Smith had pressed the Supreme Court to intervene, citing significant public interest in a prompt resolution to the case. The request to leapfrog the appeals court, which Smith himself acknowledged was “extraordinary,” also underscored prosecutors’ concerns that the fight over the issue could delay the start of Trump’s trial beyond next year’s presidential election.
The justices turned down Smith’s request in a single-sentence order Friday. As is customary, the court gave no explanation for the decision.
With the justices remaining out of the dispute for now, additional appeals are likely that could delay the case. If the appeals court, which is set to hear arguments on Jan. 9, turns down Trump’s immunity claims, he could then ask for the Supreme Court to get involved — giving the justices another opportunity to decide if they want to weigh in.

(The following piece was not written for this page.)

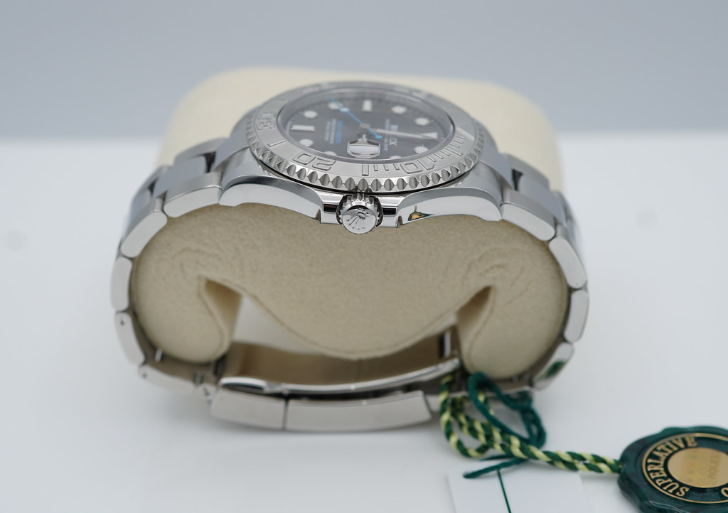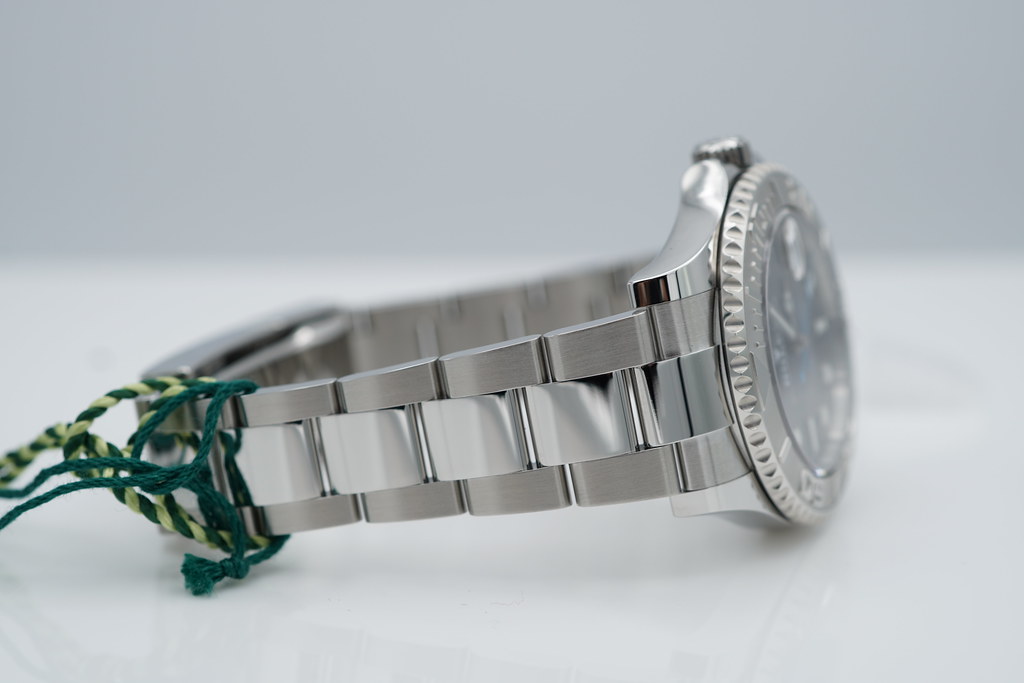 A New Old Stock & Very Beautiful 37mm Rolex 268622 Yacht-Master Stainless Steel with Platinum Bezel, Slate Dial & Blue Second Hand. Purchased from Rolex Authorized Dealer in 01.2022. Unworn & Unsized.
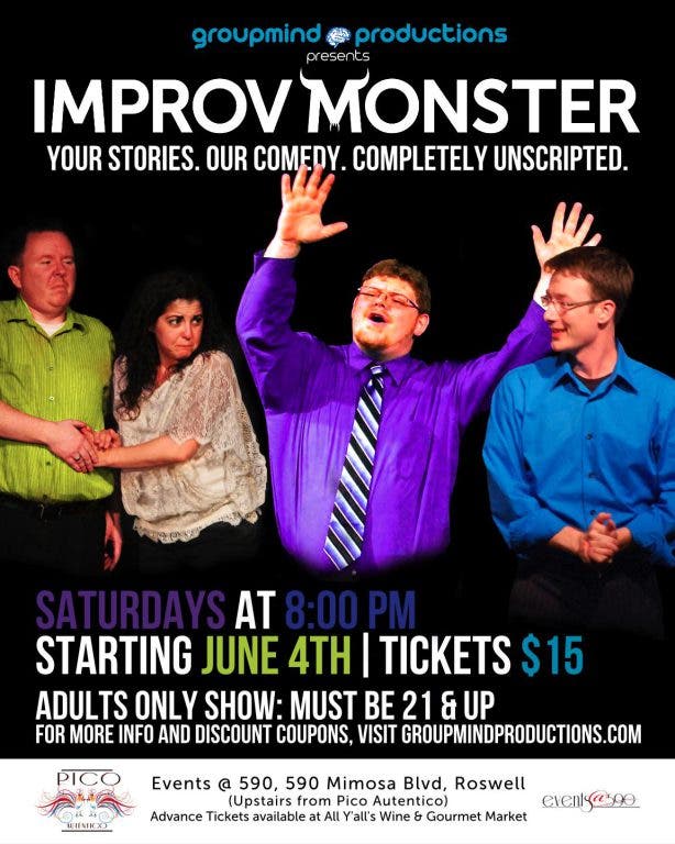 ATLANTA (May 3, 2011)- For two years, IMPROV MONSTER has proven itself one of Atlanta’s most innovative improv comedy shows, with a veteran cast performing every week at Midtown’s Relapse Theatre. Now Groupmind Productions is taking IMPROV MONSTER outside the perimeter, with a weekly show on Saturdays at 8pm starting June 4th in the Events @ 590 space, upstairs from Pico Autentico and All Y’alls Wine & Gourmet Market in historic Roswell. Unlike other improv shows, in which the audience provides a one-word suggestion to inspire a scene, IMPROV MONSTER uses true stories from audience members (or special guests) as the source for its character-driven storytelling. “They don't literally act out the stories, but draw on little details, turns of phrase or overall themes as springboards,” said Curt Holman of Creative Loafing, who described the show as having “classic sketch comedy structure, despite being off the cuff.” IMPROV MONSTER is the first of several improv shows Groupmind Productions plans to bring to sophisticated OTP audiences. Combining professionalism and class with healthy doses of wit and whimsy, the company is dedicated to spreading the wonders of Chicago- and San Francisco-style long-form improv comedy throughout the metro Atlanta area.

U.S. District Judge Tanya Chutkan has already put the case on hold while Trump pursues his claim that he is immune from prosecution. Chutkan has raised the possibility of keeping the March trial date if the case promptly returns to her court.
She earlier rejected the Trump team’s arguments that an ex-president could not be prosecuted over acts that fall within the official duties of the job.
“Former presidents enjoy no special conditions on their federal criminal liability,” Chutkan wrote in a Dec. 1 ruling. “Defendant may be subject to federal investigation, indictment, prosecution, conviction, and punishment for any criminal acts undertaken while in office.”
In a statement Friday, Trump insisted anew that he was “entitled to presidential immunity” and was looking forward to having his case heard before the appeals court.
There are still more Trump-related cases that the Supreme Court, which includes three justices appointed by him, is poised to grapple with.
Trump’s lawyers plan to ask the court t to overturn a decision by the Colorado Supreme Court barring him from that state’s ballot under Section 3 of the 14th Amendment, which prohibits anyone who swore an oath to support the Constitution and then “engaged in insurrection” against it from holding office.
And the court separately has agreed to hear a case over the charge of obstruction of an official proceeding that has been brought against Trump and more than 300 of his supporters who stormed the Capitol on Jan. 6, 2021.